TASK GOAL: Output exactly the lines from the first line of the records below through the line containing "2. Im neuen", both included, leaving out any pictures.

Source records:
--------------------------------

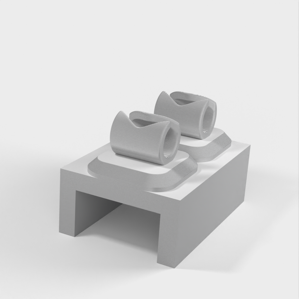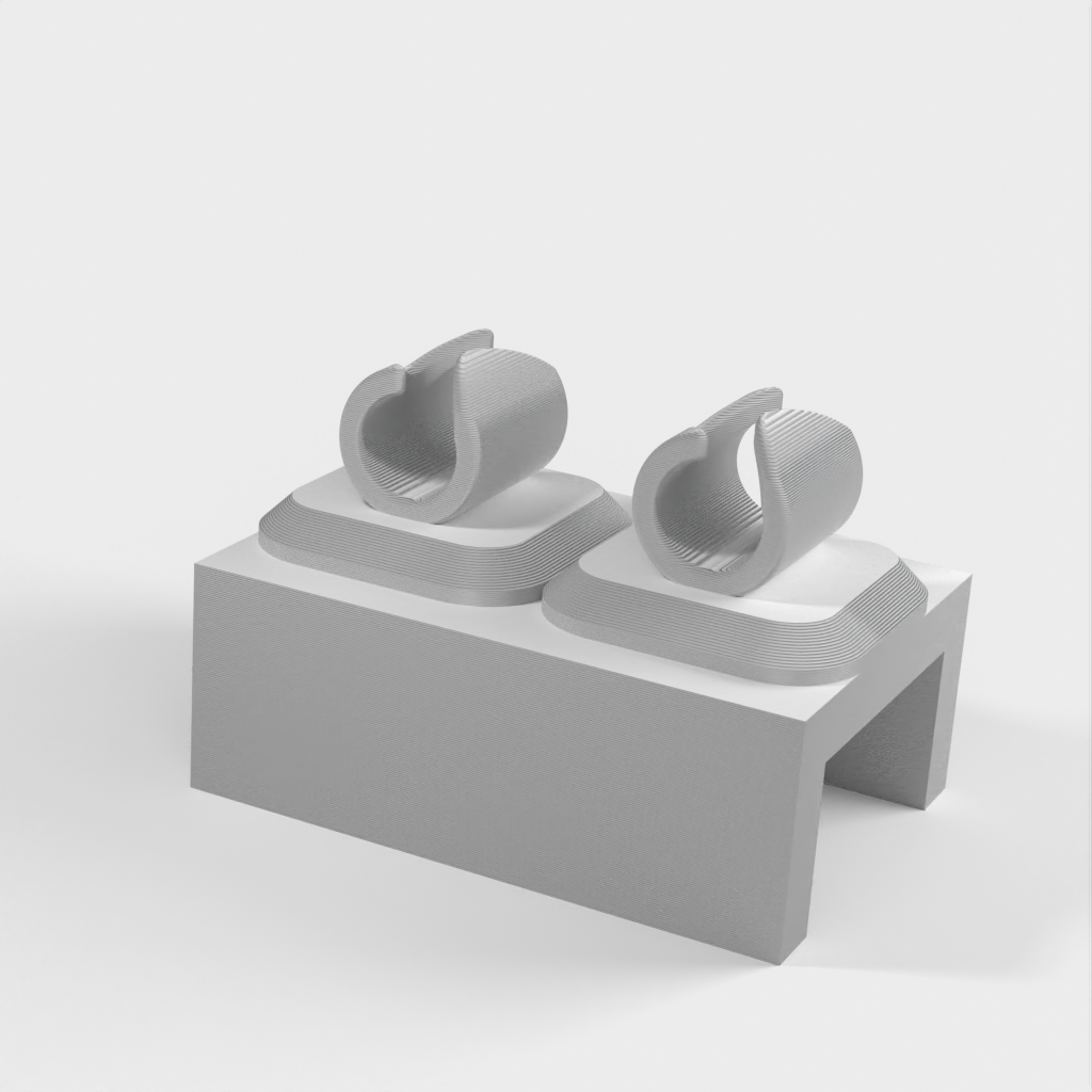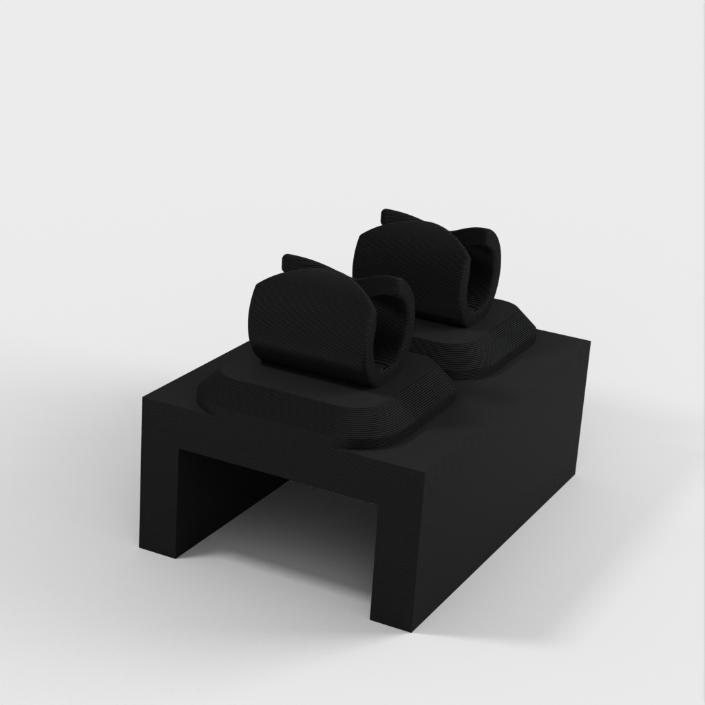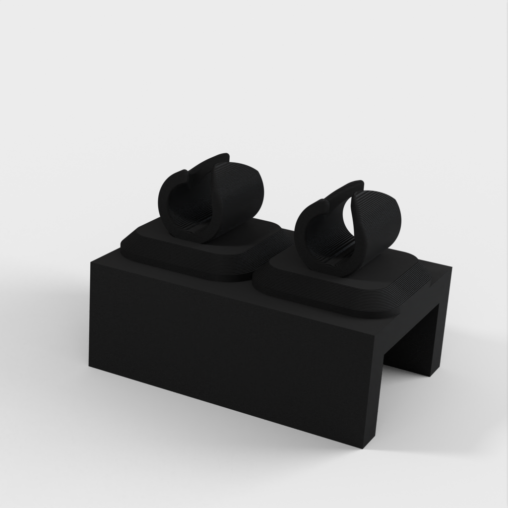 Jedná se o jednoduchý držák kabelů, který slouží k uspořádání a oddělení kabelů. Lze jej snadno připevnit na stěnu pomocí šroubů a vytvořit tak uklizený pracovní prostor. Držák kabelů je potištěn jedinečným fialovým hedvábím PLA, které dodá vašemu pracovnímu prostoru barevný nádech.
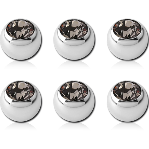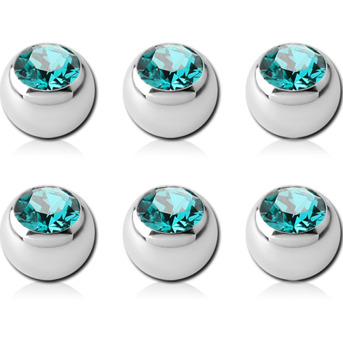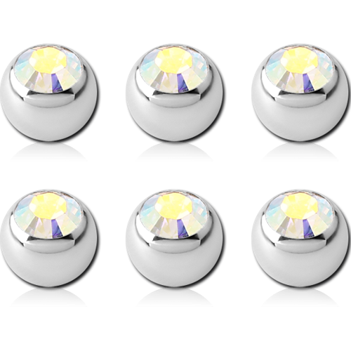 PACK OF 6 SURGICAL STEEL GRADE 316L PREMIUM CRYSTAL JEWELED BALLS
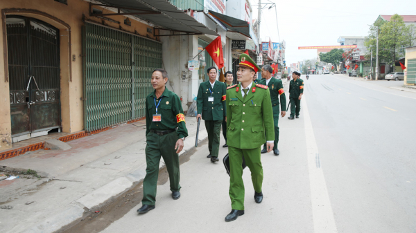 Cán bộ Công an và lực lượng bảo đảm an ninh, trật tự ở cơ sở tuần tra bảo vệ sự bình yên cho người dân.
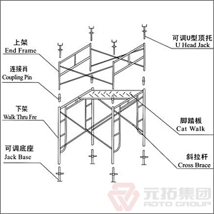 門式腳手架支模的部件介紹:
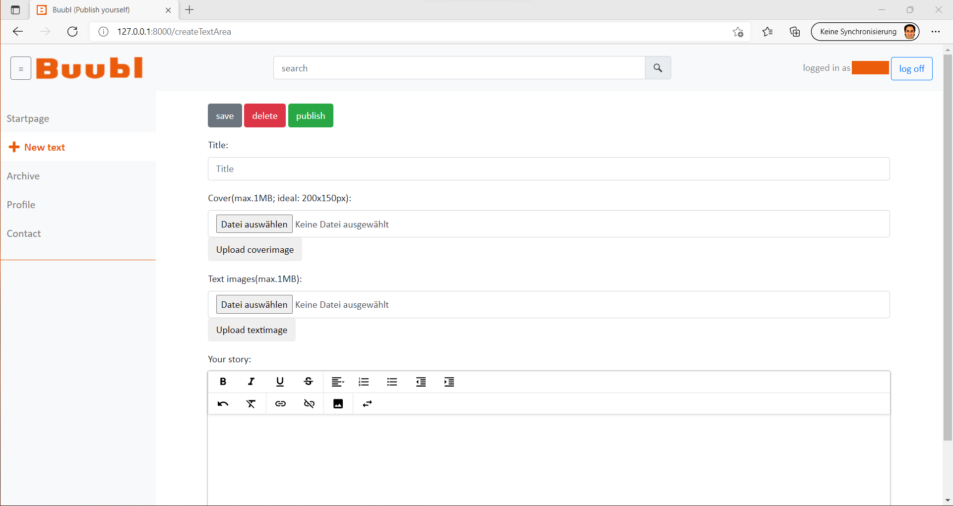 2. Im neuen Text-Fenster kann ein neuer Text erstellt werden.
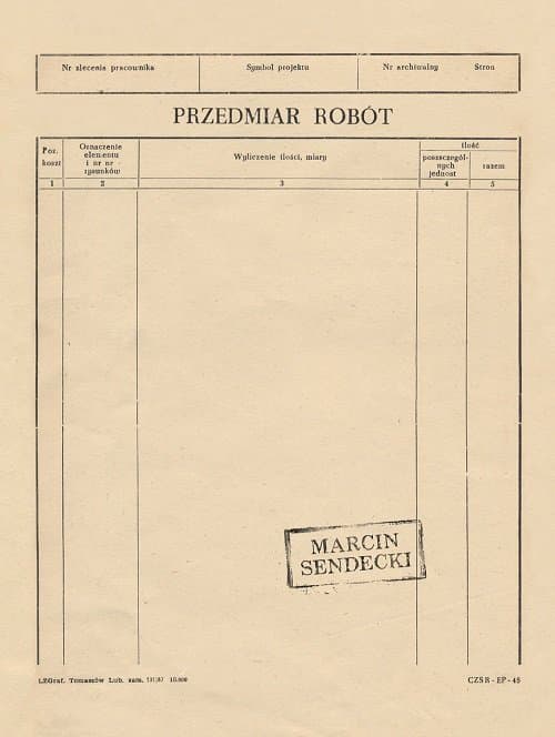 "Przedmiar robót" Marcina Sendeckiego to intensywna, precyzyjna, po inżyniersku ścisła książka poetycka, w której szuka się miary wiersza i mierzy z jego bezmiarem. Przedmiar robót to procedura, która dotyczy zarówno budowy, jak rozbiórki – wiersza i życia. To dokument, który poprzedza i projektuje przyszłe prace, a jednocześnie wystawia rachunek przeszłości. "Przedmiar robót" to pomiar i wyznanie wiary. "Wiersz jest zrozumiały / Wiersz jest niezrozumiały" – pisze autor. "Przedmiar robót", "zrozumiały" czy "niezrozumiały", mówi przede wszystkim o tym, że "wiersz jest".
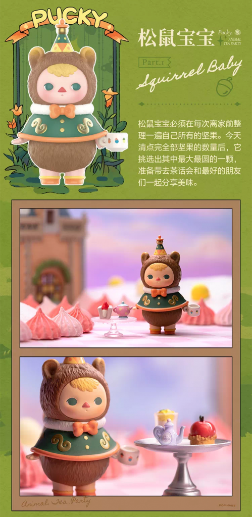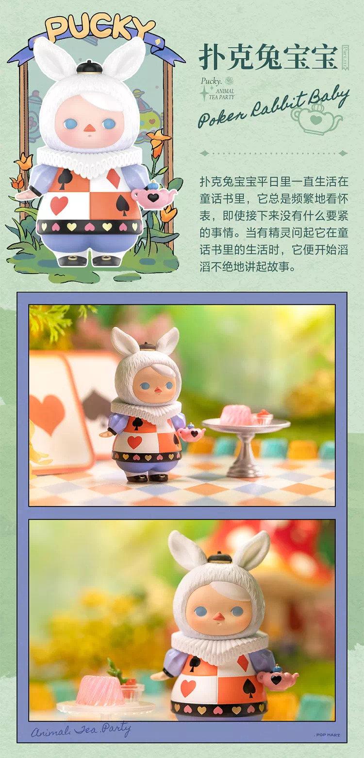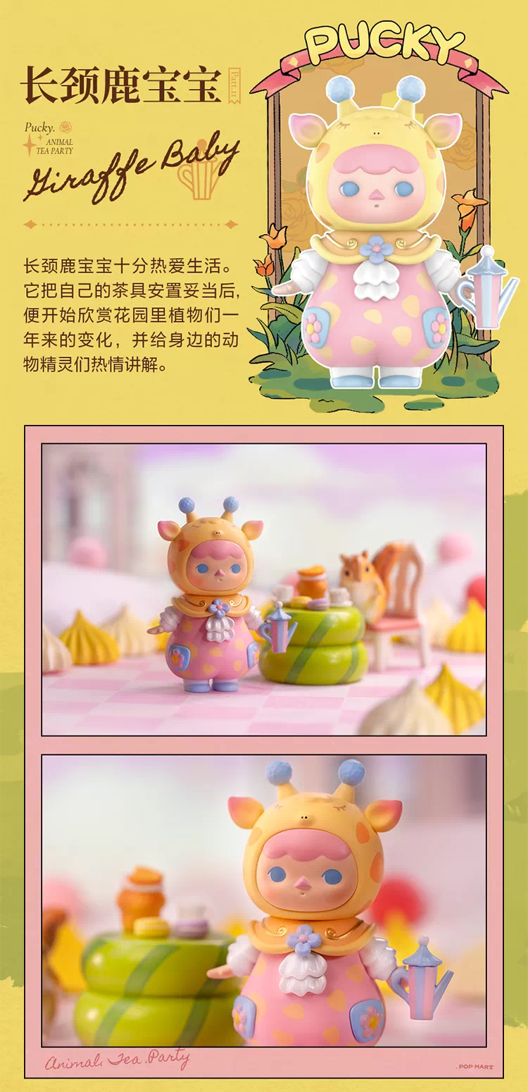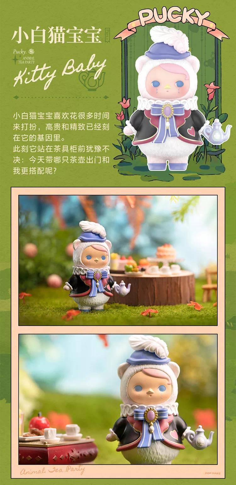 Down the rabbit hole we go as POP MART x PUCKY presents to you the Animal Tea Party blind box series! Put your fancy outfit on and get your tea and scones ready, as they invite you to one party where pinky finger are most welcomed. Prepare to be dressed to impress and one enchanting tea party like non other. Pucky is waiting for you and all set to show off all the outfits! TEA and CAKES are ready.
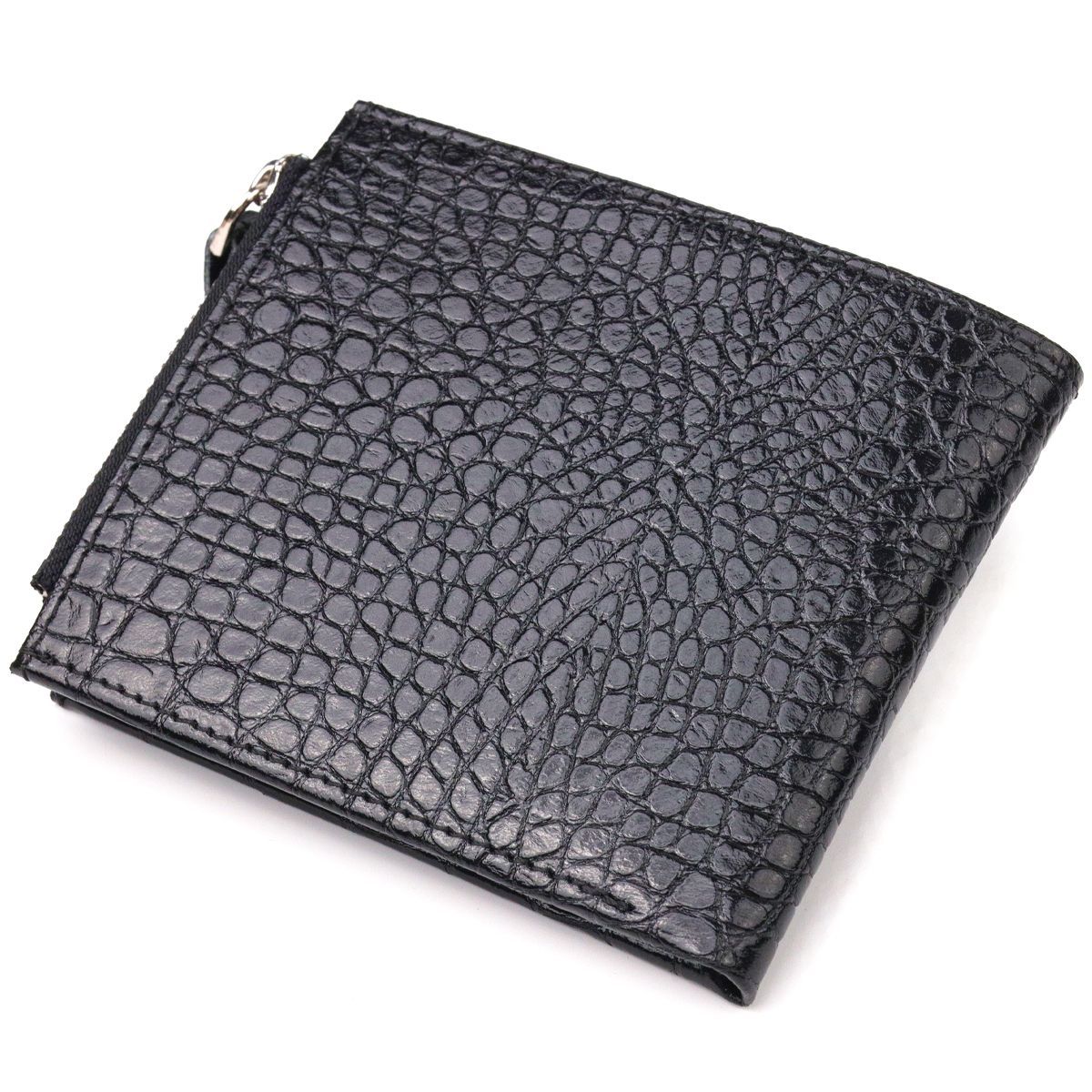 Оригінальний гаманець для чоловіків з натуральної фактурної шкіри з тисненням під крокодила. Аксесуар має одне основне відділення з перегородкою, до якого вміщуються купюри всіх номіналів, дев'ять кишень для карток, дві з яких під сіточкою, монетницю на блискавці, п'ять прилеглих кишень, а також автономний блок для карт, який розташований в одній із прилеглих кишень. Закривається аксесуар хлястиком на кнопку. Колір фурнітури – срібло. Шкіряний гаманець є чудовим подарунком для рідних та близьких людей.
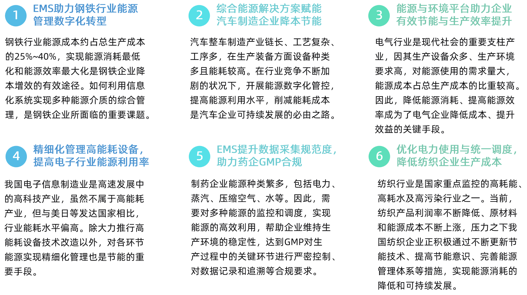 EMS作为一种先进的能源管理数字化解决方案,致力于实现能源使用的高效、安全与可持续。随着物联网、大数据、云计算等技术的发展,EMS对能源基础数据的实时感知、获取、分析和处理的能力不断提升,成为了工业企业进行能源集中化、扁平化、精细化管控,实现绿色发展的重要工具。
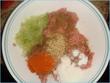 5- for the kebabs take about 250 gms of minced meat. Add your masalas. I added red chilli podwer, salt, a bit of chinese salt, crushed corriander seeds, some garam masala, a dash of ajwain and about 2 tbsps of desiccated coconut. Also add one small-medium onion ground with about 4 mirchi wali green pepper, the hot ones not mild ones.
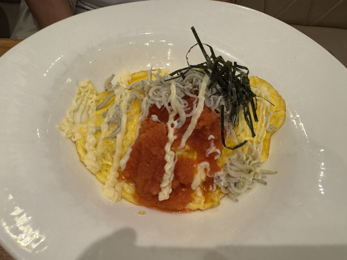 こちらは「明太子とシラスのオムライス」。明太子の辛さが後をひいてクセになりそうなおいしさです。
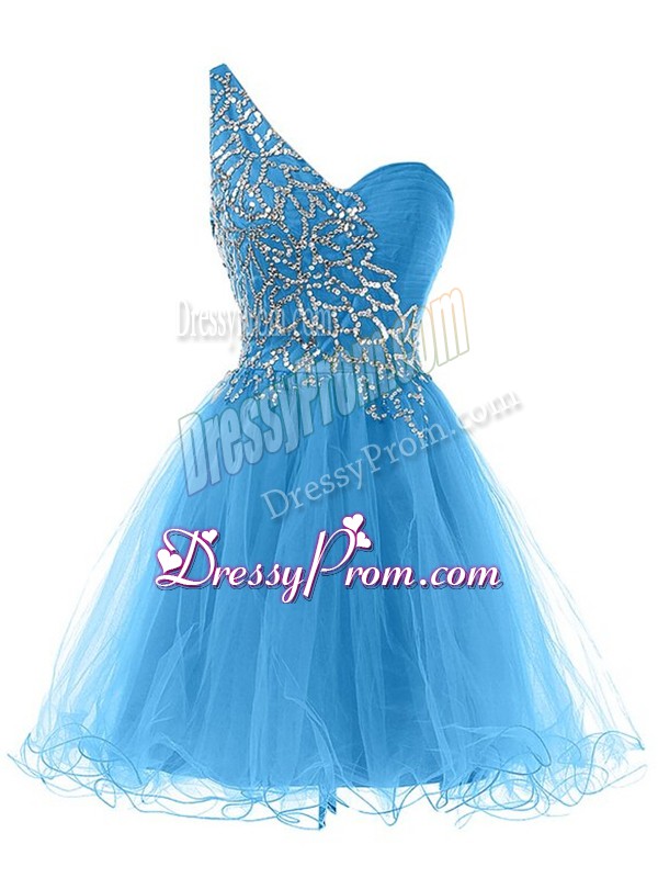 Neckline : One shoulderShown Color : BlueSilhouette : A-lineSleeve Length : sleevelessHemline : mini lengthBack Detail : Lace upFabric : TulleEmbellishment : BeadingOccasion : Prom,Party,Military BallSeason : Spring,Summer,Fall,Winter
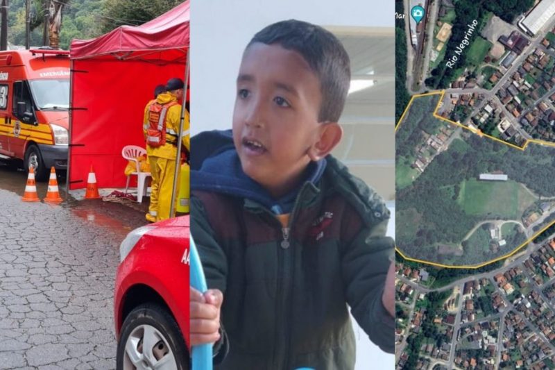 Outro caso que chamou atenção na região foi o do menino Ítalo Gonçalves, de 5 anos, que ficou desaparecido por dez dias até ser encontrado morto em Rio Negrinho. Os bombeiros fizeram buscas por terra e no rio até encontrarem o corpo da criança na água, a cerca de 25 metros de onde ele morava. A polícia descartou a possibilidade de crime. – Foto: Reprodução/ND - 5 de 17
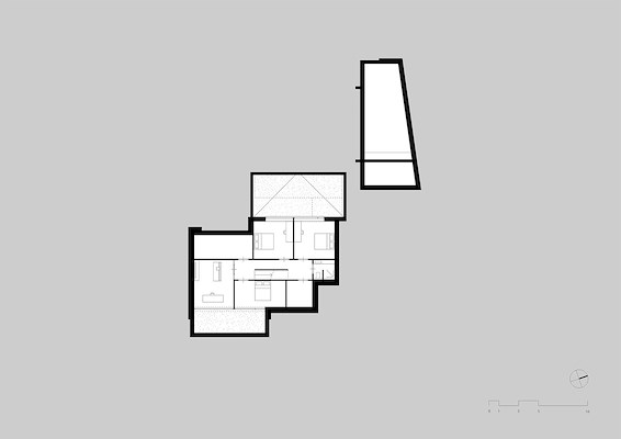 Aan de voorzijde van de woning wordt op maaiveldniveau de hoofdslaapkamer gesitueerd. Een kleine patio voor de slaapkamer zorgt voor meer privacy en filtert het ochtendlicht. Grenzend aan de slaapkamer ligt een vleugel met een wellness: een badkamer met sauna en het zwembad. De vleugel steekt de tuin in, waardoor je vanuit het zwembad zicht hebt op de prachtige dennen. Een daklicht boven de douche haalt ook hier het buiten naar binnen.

--------------------------------

TASK SOLUTION:
 Jedná se o jednoduchý držák kabelů, který slouží k uspořádání a oddělení kabelů. Lze jej snadno připevnit na stěnu pomocí šroubů a vytvořit tak uklizený pracovní prostor. Držák kabelů je potištěn jedinečným fialovým hedvábím PLA, které dodá vašemu pracovnímu prostoru barevný nádech.
 PACK OF 6 SURGICAL STEEL GRADE 316L PREMIUM CRYSTAL JEWELED BALLS
 Cán bộ Công an và lực lượng bảo đảm an ninh, trật tự ở cơ sở tuần tra bảo vệ sự bình yên cho người dân.
 門式腳手架支模的部件介紹:
 2. Im neuen Text-Fenster kann ein neuer Text erstellt werden.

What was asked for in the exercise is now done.